2. Inflammation and Immune Activation: Both LDL cholesterol and apoB contribute to a pro-inflammatory milieu. OxLDL acts as a damage-associated molecular pattern (DAMP), activating innate immune pathways such as toll-like receptors (TLRs). ApoB-containing particles exacerbate this by promoting the chronic immune response, sustaining inflammation, and fostering plaque progression.
3. Plaque Characteristics: Elevated apoB levels correlate with plaques that are lipid-rich, inflamed, and prone to rupture. Studies using imaging modalities such as intravascular ultrasound (IVUS) and optical coherence tomography (OCT) have validated these associations.

Supporting Research

1. Role of Oxidized LDL: A landmark study by Steinberg et al. (1999) identified oxLDL as a key initiator of the inflammatory cascade in atherosclerosis (Circulation Research). Subsequent work has detailed the molecular pathways linking oxLDL to foam cell formation and plaque instability.
2. ApoB as a Risk Marker: A meta-analysis by Sniderman et al. (2011) highlighted apoB’s superiority over LDL cholesterol in predicting cardiovascular events, particularly in populations with metabolic syndrome and diabetes (Journal of Clinical Lipidology).
3. Insights from Genetic Studies: Mendelian randomization studies, such as those by Ference et al. (2017), have demonstrated that genetic variants associated with higher apoB levels confer a higher risk of coronary artery disease, independent of LDL cholesterol levels (JAMA Cardiology).

Clinical Implications

1. Guideline Recommendations: The European Society of Cardiology (ESC) and American Heart Association (AHA) recommend considering apoB as an additional risk marker, particularly in individuals with metabolic disorders or discordant lipid profiles.
2. Therapeutic Targets: Newer lipid-lowering therapies, such as PCSK9 inhibitors and antisense oligonucleotides targeting apoB (e.g., mipomersen), aim to reduce both LDL cholesterol and apoB levels, offering dual benefits in risk reduction.
3. Personalized Risk Stratification: ApoB measurements can refine cardiovascular risk assessment, enabling tailored interventions for high-risk individuals who might otherwise be missed by LDL cholesterol-centric approaches.
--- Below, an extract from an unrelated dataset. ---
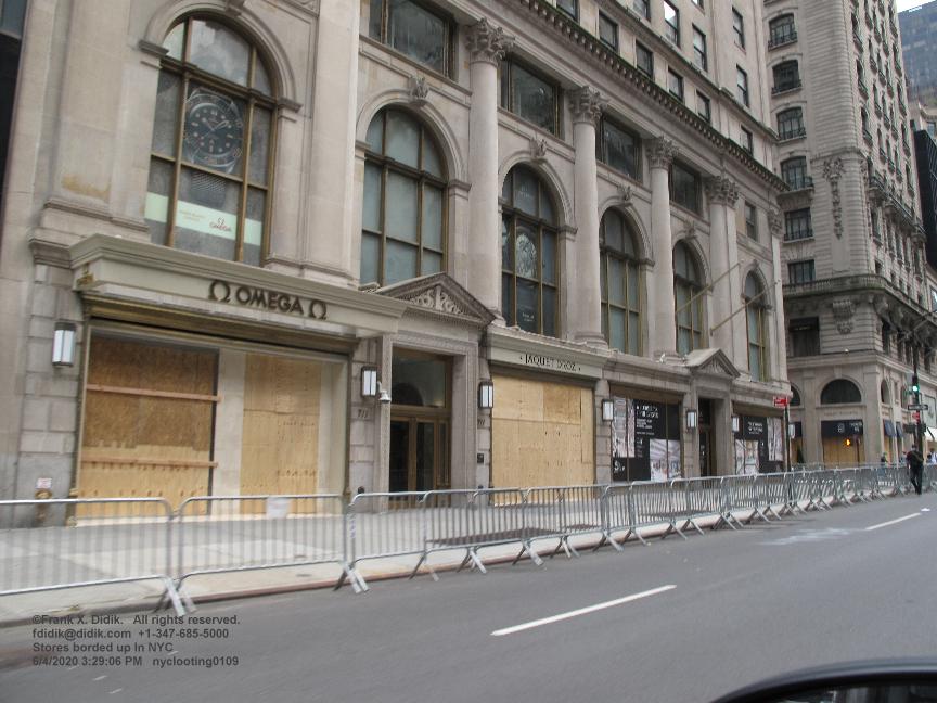 It is sad to see that the stores along beautiful Madison Avenue and Fifth Avenue are forced to cover their windows to protect themselves from looters and rioters.

In conclusion, LDL cholesterol and apoB are intricately involved in the pathogenesis of cardiovascular disease. While LDL cholesterol remains a cornerstone of risk assessment and treatment, apoB provides critical insights into lipoprotein particle burden and atherogenic potential. Ongoing research and clinical advancements underscore the importance of integrating both metrics into comprehensive CVD management strategies.

Final thoughts

If you’re trying to cut down on foods high in saturated fats (meat, dairy, coconut oil, etc.) in order to lower your LDL cholesterol and ApoB, avoid replacing them with ultra processed foods and refined carbohydrates. Instead, choose from a wide variety of vegetables, fruits, legumes, whole grains, nuts, and seeds.